From the immediate activity (Zero. 004), counsel to your named plaintiff, with no elaboration of their retention from the people successor with the now defunct called plaintiff, seeks your order vacating the brand new judgment out of foreclosures and you can product sales, cancelling this new see out of pendency and you will granting this new plaintiff hop out in order to stop that it mortgage property foreclosure step. The only floor so-called is just as uses:
«After commencement of action and you will following the View off Property foreclosure and you will Sales is registered, plaintiff expected that step feel abandoned. Hence, affirmant are requesting the discontinuance on the action, vacature of one’s Judgment away from Foreclosures and you can Profit, launch of the brand new designated referee and you will cancellation of your own find out-of pendency» ( select eight of your own acceptance out-of plaintiff’s the advice linked to swinging documents).

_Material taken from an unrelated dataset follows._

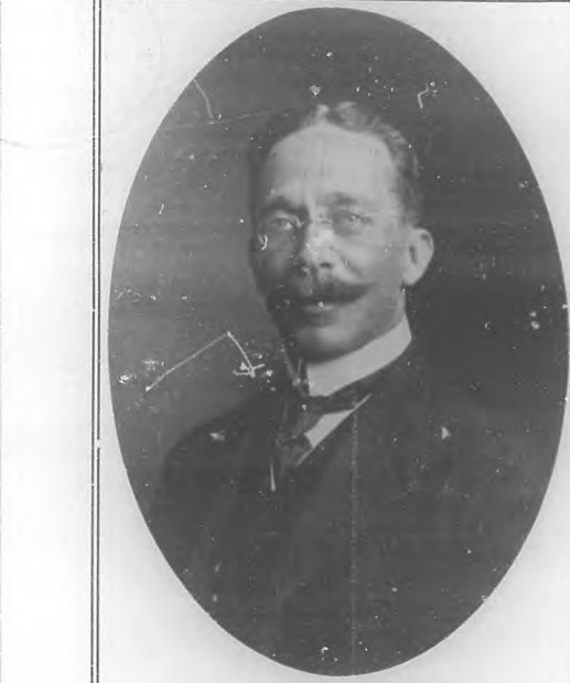
Sr. D. Antonio Martín Rivero, E. E. y Ministro Plenipotenciario de Cuba en Holanda

SEMPER Por inflexible ley encañonado, el arrogante mar, que horror evoca, en la insensible arena y dura roca sus ondas quiebra, en ritmo acelerado. Que allá, segura en alto acantilado, floresta sonriente lo provoca, y por llegar allá, sus ondas loca, surge, en líquidas montes transformado. Cual titanes lanzados á la carga, el seco jarallón las olas batea, escalan, rompen... y entre espuma amarga, flores y tierra y árboles abaten... ¡Mas, sólo abraza el mar, con honda pena, ásperas rocas, insensibles arena! LA PLUMA FUENTE Ocultando en su seno, la pluma fuente, Negra tinta, ¡tan negra como mi pena! La extendiódrá en frases bellas que odena Suntuosa é los antojos del escribiente. A veces traza rimas de amor ardiente, O pinta la amargura que el pecho llena; Otras veces esboza la paz serena, O la aridez de un alma que ya no siente... ¡Identico parece nuestro destino! Pues cediendo á una fuerza avasalladora, Lleva á malicia el hombre su triste sino... Amor, aborreo y luego... rendido ahora! Mas, cual pluma de fuente que está agotada, Calta, exhausto, en la meta de la jornada. Antonio Martín Rivero.

«It is elementary that a final judgment or order represents a valid and conclusive adjudication of the parties’ substantive rights» ( Da Silva v Musso , 76 NY2d 436, 440 ). A judgment <**39>of foreclosure and sale entered against a defendant is thus «final as to all questions at issue between the parties, and concludes all matters of defense which were or might have been litigated in the foreclosure action» ( Long Is. Sav. Bank v Mihalios , 269 AD2d 502, 503 [2d Dept 2000]; see New Horizons Invs. v Marine Midland Bank , 248 AD2d 449 [2d Dept 1998]; see also Signature Bank v Epstein , 95 AD3d 1199 [2d Dept 2012]). Doctrines such as law of the case, res judicata, collateral estoppel and full faith and credit serve to protect the sanctity and finality of judicial orders and judgments. They thus remain inviolate unless they are reversed by appellate processes or are vacated by the court itself under its inherent powers or those statutorily conferred upon it by CPLR 5015 ( see Matter of Huie [Furman] , 20 NY2d 568 ). While a court possesses both inherent and statutory powers to vacate a default judgment on certain grounds ( see Wilson v Galicia Contr. & Restoration Corp ., 10 NY3d 827, 830 ; Woodson v Mendon Leasing Corp. , 100 NY2d 62 ), nothing in the record adduced on the instant motion reveals that the drastic relief of vacatur is appropriate under the circumstances ( see Matter of Huie [Furman] , 20 NY2d 568, 572 [*3] [» Absent the sort of circumstances mentioned in CPLR 5015, . . . a determination of a court from which no appeal has been taken ought to remain inviolate » (emphasis added)]).